- [Brief] Apart from the images, output the data below exactly.

- [Exercise data]
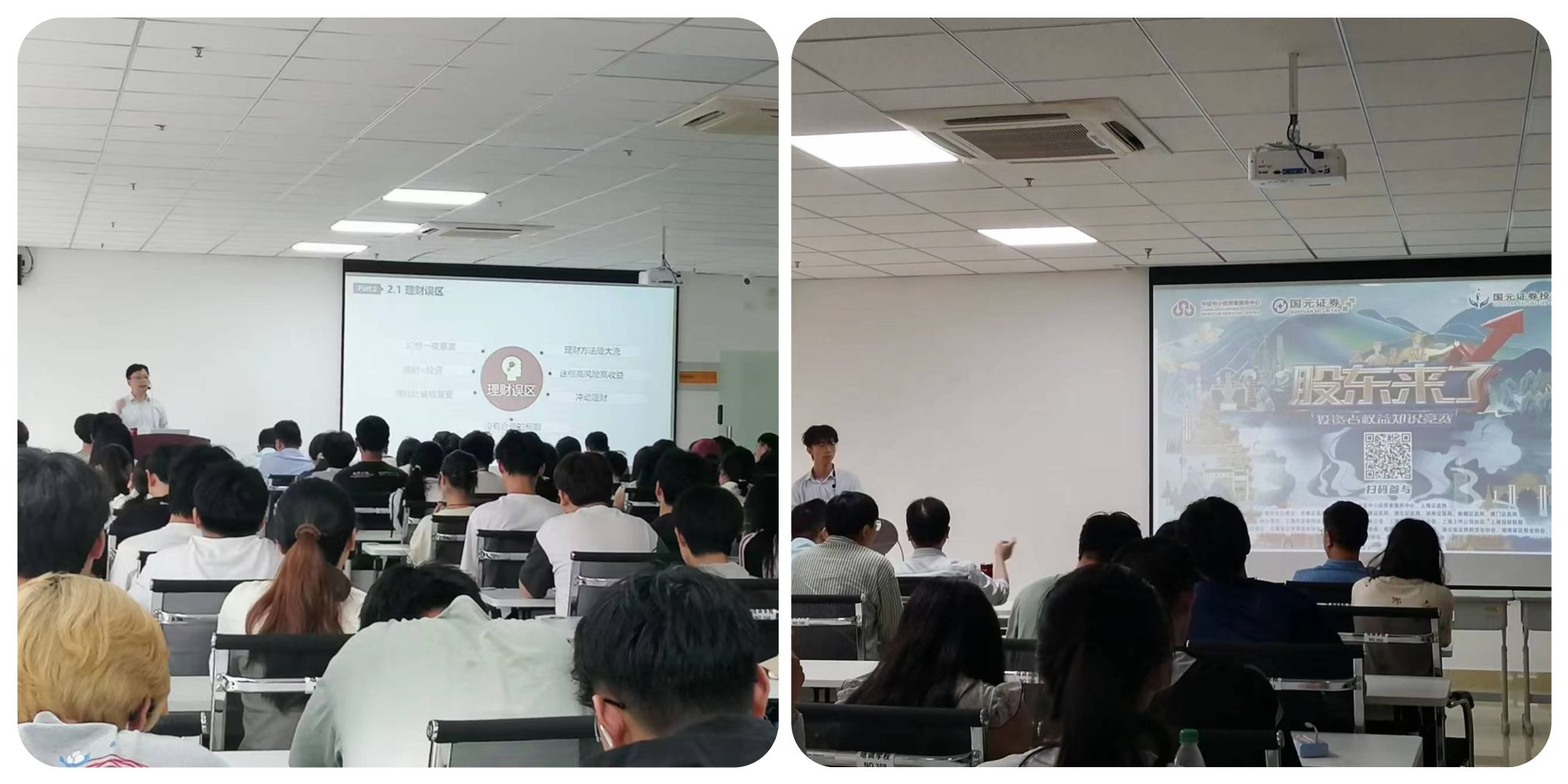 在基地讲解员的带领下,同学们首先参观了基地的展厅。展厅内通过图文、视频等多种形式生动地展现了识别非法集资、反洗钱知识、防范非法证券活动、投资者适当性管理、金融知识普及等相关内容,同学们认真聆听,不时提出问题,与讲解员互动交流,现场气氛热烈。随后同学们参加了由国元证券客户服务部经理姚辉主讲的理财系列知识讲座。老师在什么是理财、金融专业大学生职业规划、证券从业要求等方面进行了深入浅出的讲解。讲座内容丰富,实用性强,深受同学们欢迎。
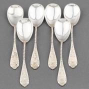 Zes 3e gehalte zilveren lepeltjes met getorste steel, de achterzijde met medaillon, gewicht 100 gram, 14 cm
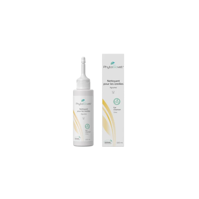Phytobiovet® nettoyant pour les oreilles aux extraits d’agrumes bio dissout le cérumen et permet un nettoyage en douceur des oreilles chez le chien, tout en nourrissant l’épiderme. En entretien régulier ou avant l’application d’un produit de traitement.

- [Expected output]
 在基地讲解员的带领下,同学们首先参观了基地的展厅。展厅内通过图文、视频等多种形式生动地展现了识别非法集资、反洗钱知识、防范非法证券活动、投资者适当性管理、金融知识普及等相关内容,同学们认真聆听,不时提出问题,与讲解员互动交流,现场气氛热烈。随后同学们参加了由国元证券客户服务部经理姚辉主讲的理财系列知识讲座。老师在什么是理财、金融专业大学生职业规划、证券从业要求等方面进行了深入浅出的讲解。讲座内容丰富,实用性强,深受同学们欢迎。
 Zes 3e gehalte zilveren lepeltjes met getorste steel, de achterzijde met medaillon, gewicht 100 gram, 14 cm
Phytobiovet® nettoyant pour les oreilles aux extraits d’agrumes bio dissout le cérumen et permet un nettoyage en douceur des oreilles chez le chien, tout en nourrissant l’épiderme. En entretien régulier ou avant l’application d’un produit de traitement.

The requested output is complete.